Task directions: Repeat the data exactly. Pictures stay out.

Raw data:
=== Section Start ===

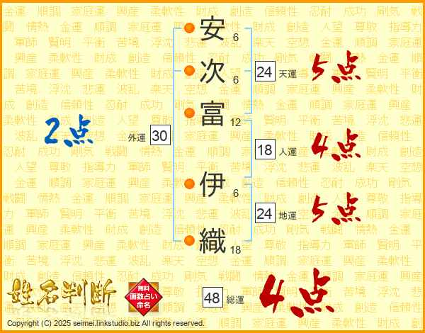 安(6画)次(6画)富(12画) 伊(6画)織(18画)
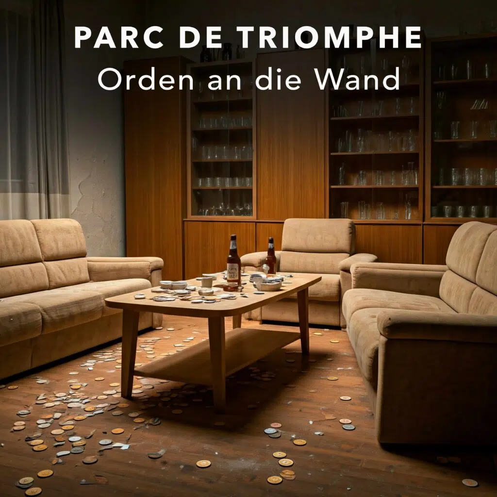 Mit „Orden an die Wand“ (Produktion: Alf Peherstorfer) veröffentlicht Parc de Triomphe einmal mehr eine eindrucksvolle Single, die sich kompromisslos mit der Auseinandersetzung und Abgrenzung von der Vergangenheit beschäftigt. Der Song, bass- und beat-lastig, ist eine musikalische Einladung, sich von überholten Idealen und festgefahrenen Erinnerungen zu verabschieden.
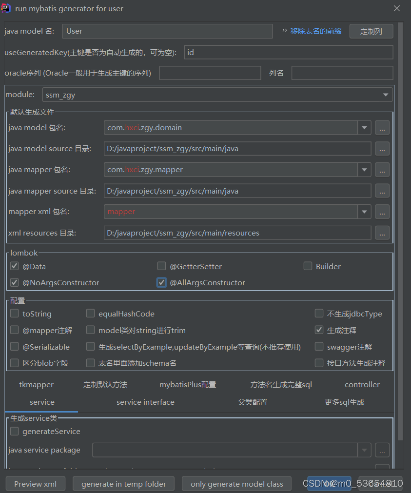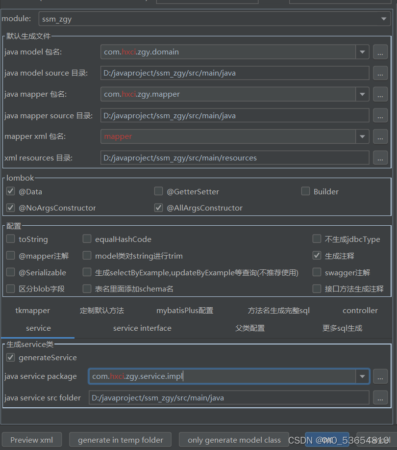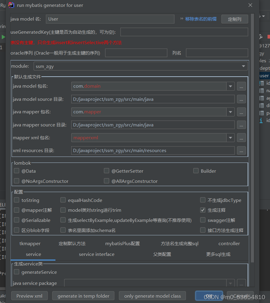 ?2.点击Mybatis generator。出现如下表格
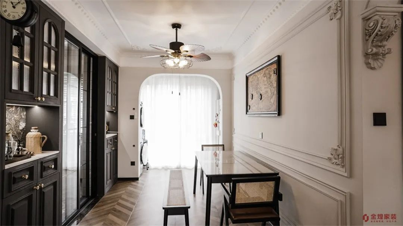 全屋整體配色以大面積的墨綠與棕咖調相結合,再搭配具有復古韻味的家具。在精致的燈飾映襯下,法式情調和復古氛圍在空間中得以巧妙融合。寬廣的飄窗帶來極佳的采光,使整個公共區域充滿通透感,舒適明亮。

=== Section End ===

Your response:
 安(6画)次(6画)富(12画) 伊(6画)織(18画)
 Mit „Orden an die Wand“ (Produktion: Alf Peherstorfer) veröffentlicht Parc de Triomphe einmal mehr eine eindrucksvolle Single, die sich kompromisslos mit der Auseinandersetzung und Abgrenzung von der Vergangenheit beschäftigt. Der Song, bass- und beat-lastig, ist eine musikalische Einladung, sich von überholten Idealen und festgefahrenen Erinnerungen zu verabschieden.
 ?2.点击Mybatis generator。出现如下表格
 全屋整體配色以大面積的墨綠與棕咖調相結合,再搭配具有復古韻味的家具。在精致的燈飾映襯下,法式情調和復古氛圍在空間中得以巧妙融合。寬廣的飄窗帶來極佳的采光,使整個公共區域充滿通透感,舒適明亮。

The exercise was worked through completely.